## PROBLEM STATEMENT
These records contain pictures, which must be left out; copy exactly the lines from the one with "A Prefeitura de" up to and including the one with "11月24日,在哈萨克斯坦的".

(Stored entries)

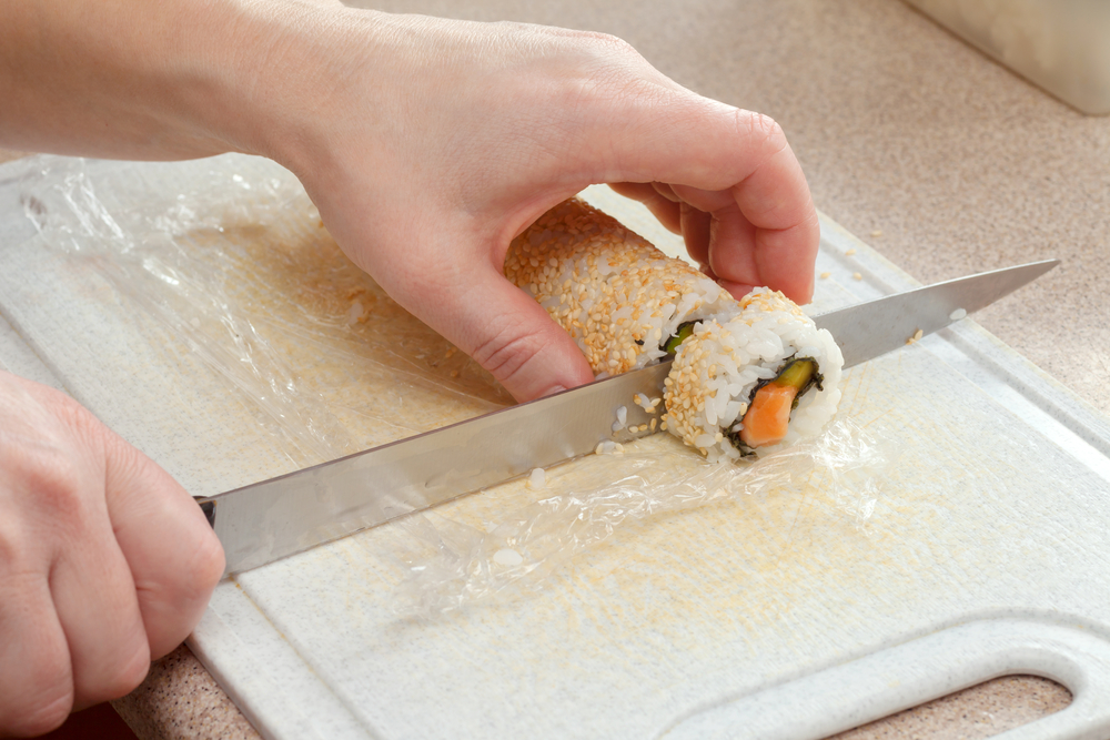 Отваренный и промытый рис ещё теплым смешать с рисовым уксусом. Ровно, тонко и плотно разровнять — рисинка к рисинке, можно на плотной льняной салфетке или на специальном бамбуковом коврике (бывают также для этих целей силиконовые коврики). В серединку выложить огурцы, нарезанные крупной соломкой, плотно скатать, обвалять «рулет» в орехах или кунжутных семечках.
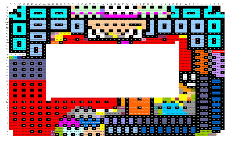 Voilà pour le fun un petit schématique de ses branchements. En noir : La masse électrique. En rouge et en orange (bas) : Les alimentations. Donc avec ses deux fonctions, une bonne partie des pins sont occupés ! Eh oui, il en faut pour assumer les 300W de certains modèles ! Ensuite, nous retrouvons d'autres fonctions : En Bleu foncé, en violet, c'est le PCIe. En orange (droite) et en rose, le DMI (nous y reviendront plus tard). Et en haut, la gestion de la RAM. On comprend donc l'orientation du processeur sur la carte mère, et le positionnement des autres composants : PCIe, Alimentations... En bas, on peut encore retrouver les pistes liées à la gestion HDMI / DP... Mais, sur ce schéma : Aucunes traces d'USB ou autres bus "lents".
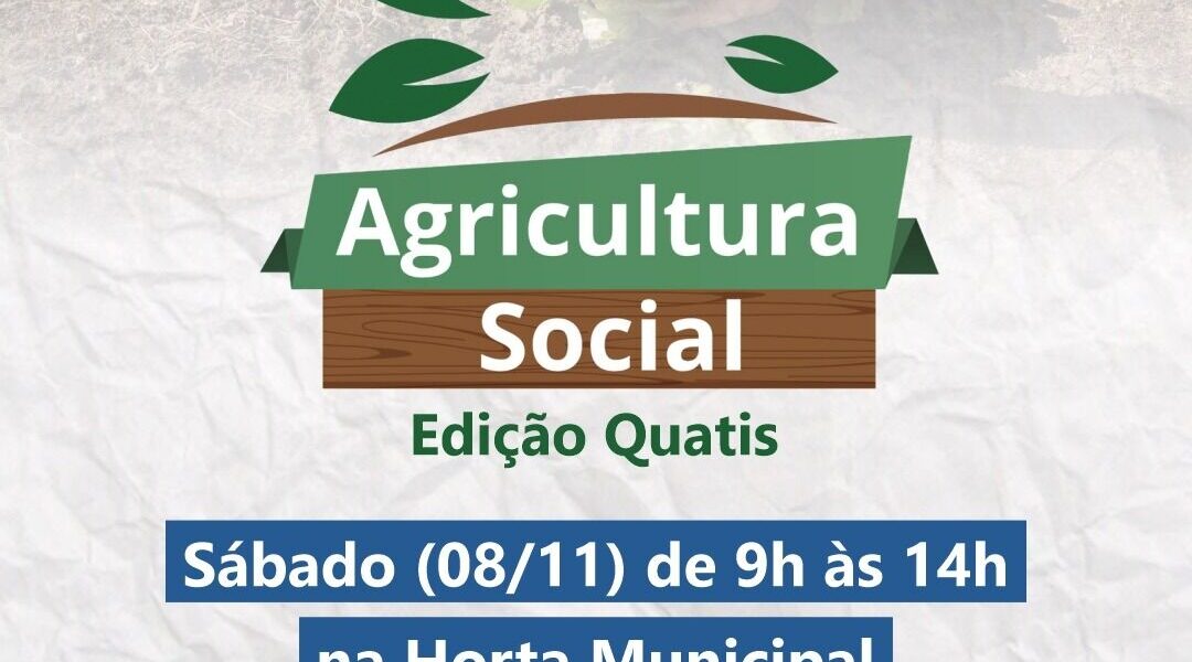 A Prefeitura de Quatis convida para participar da 11ª edição do Programa Agricultura Social, uma iniciativa das secretarias de Agricultura, Pecuária e Abastecimento e de Desenvolvimento Social e Direitos Humanos do Estado do Rio de Janeiro, por meio da Pesagro-Rio. O evento vai acontecer no dia 8 de novembro, das 9h às 14h, na Horta Municipal de Quatis. O local
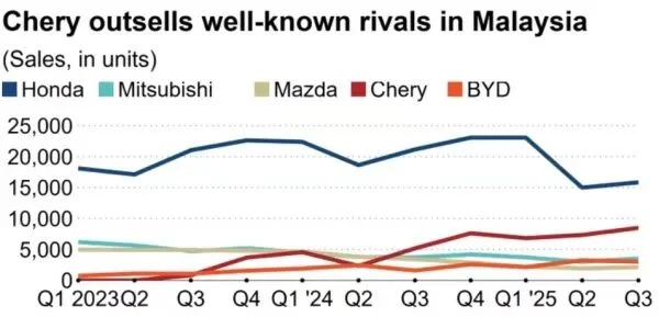 注释:本田、三菱、马自达、奇瑞、比亚迪在马来西亚的销量。来源:《日经亚洲》
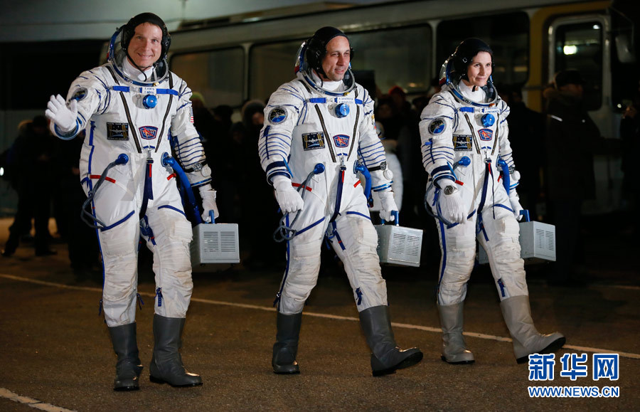 11月24日,在哈萨克斯坦的拜科努尔发射场,即将前往国际空间站驻站的3位宇航员,俄联邦航天署的安东·什克普列罗夫(中)、美国航天局的特里·维尔特斯(左)和欧洲航天局的萨曼莎·克里斯托弗雷蒂,准备登上飞船。俄罗斯航天部门24日凌晨在哈萨克斯坦的拜科努尔发射场用“联盟-FG”运载火箭将载人飞船“联盟TMA-15M”送往国际空间站。新华社/美联
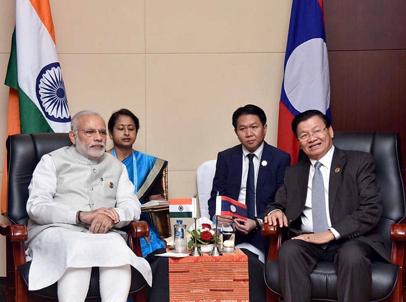 VIENTIANE, SEP 8 (UNI):- Prime Minister, Narendra Modi (L) meeting the Prime Minister of Lao PDR, Thongloun Sisoulith, at Vientiane, Lao PDR on Thursday. UNI PHOTO-10U
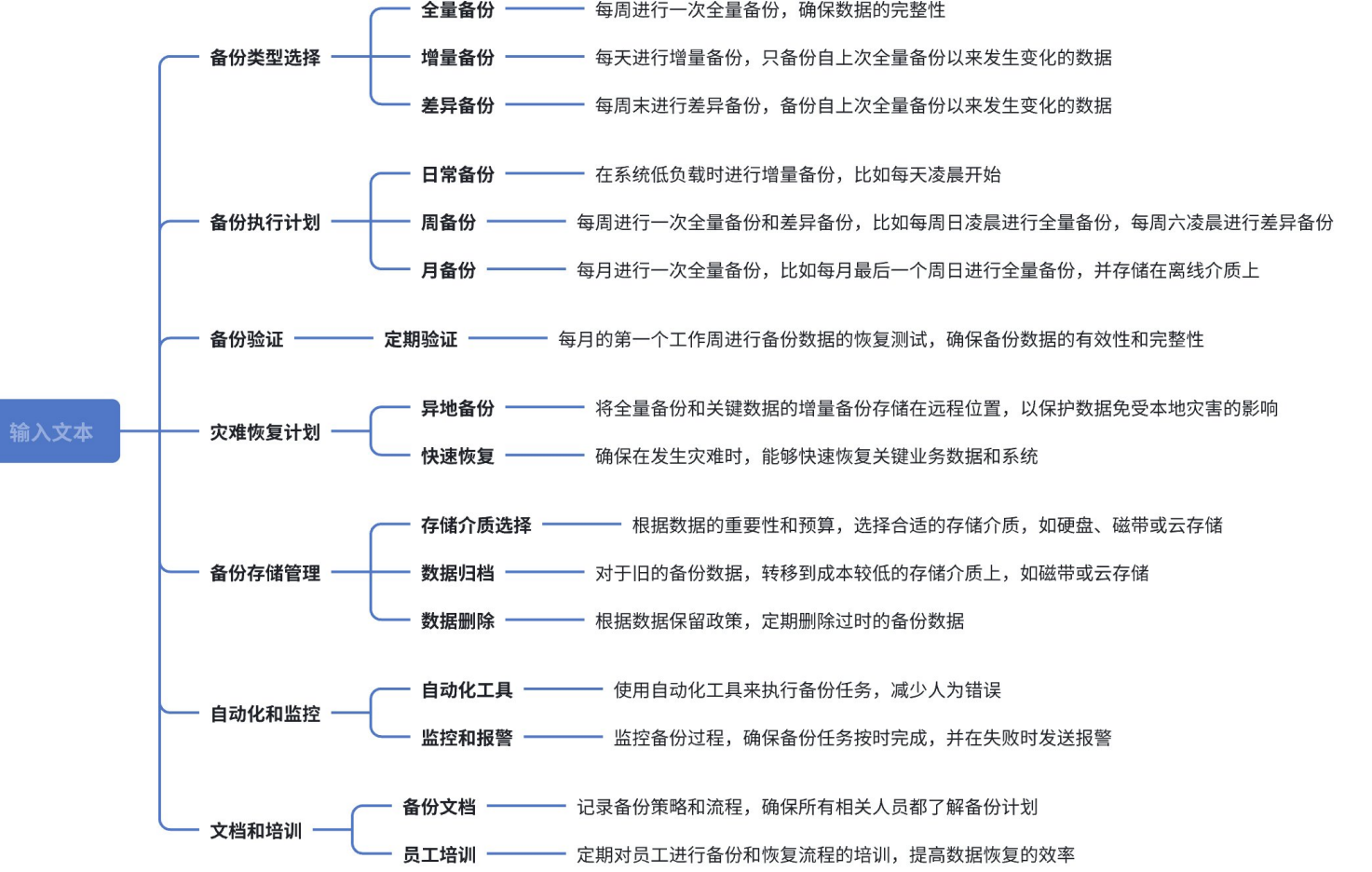 实施备份策略的⽬的是为了确保数据的安全性、完整性和可恢复性,同时满⾜业务需求和合规性要 求。

## ANSWER AREA
 A Prefeitura de Quatis convida para participar da 11ª edição do Programa Agricultura Social, uma iniciativa das secretarias de Agricultura, Pecuária e Abastecimento e de Desenvolvimento Social e Direitos Humanos do Estado do Rio de Janeiro, por meio da Pesagro-Rio. O evento vai acontecer no dia 8 de novembro, das 9h às 14h, na Horta Municipal de Quatis. O local
 注释:本田、三菱、马自达、奇瑞、比亚迪在马来西亚的销量。来源:《日经亚洲》
 11月24日,在哈萨克斯坦的拜科努尔发射场,即将前往国际空间站驻站的3位宇航员,俄联邦航天署的安东·什克普列罗夫(中)、美国航天局的特里·维尔特斯(左)和欧洲航天局的萨曼莎·克里斯托弗雷蒂,准备登上飞船。俄罗斯航天部门24日凌晨在哈萨克斯坦的拜科努尔发射场用“联盟-FG”运载火箭将载人飞船“联盟TMA-15M”送往国际空间站。新华社/美联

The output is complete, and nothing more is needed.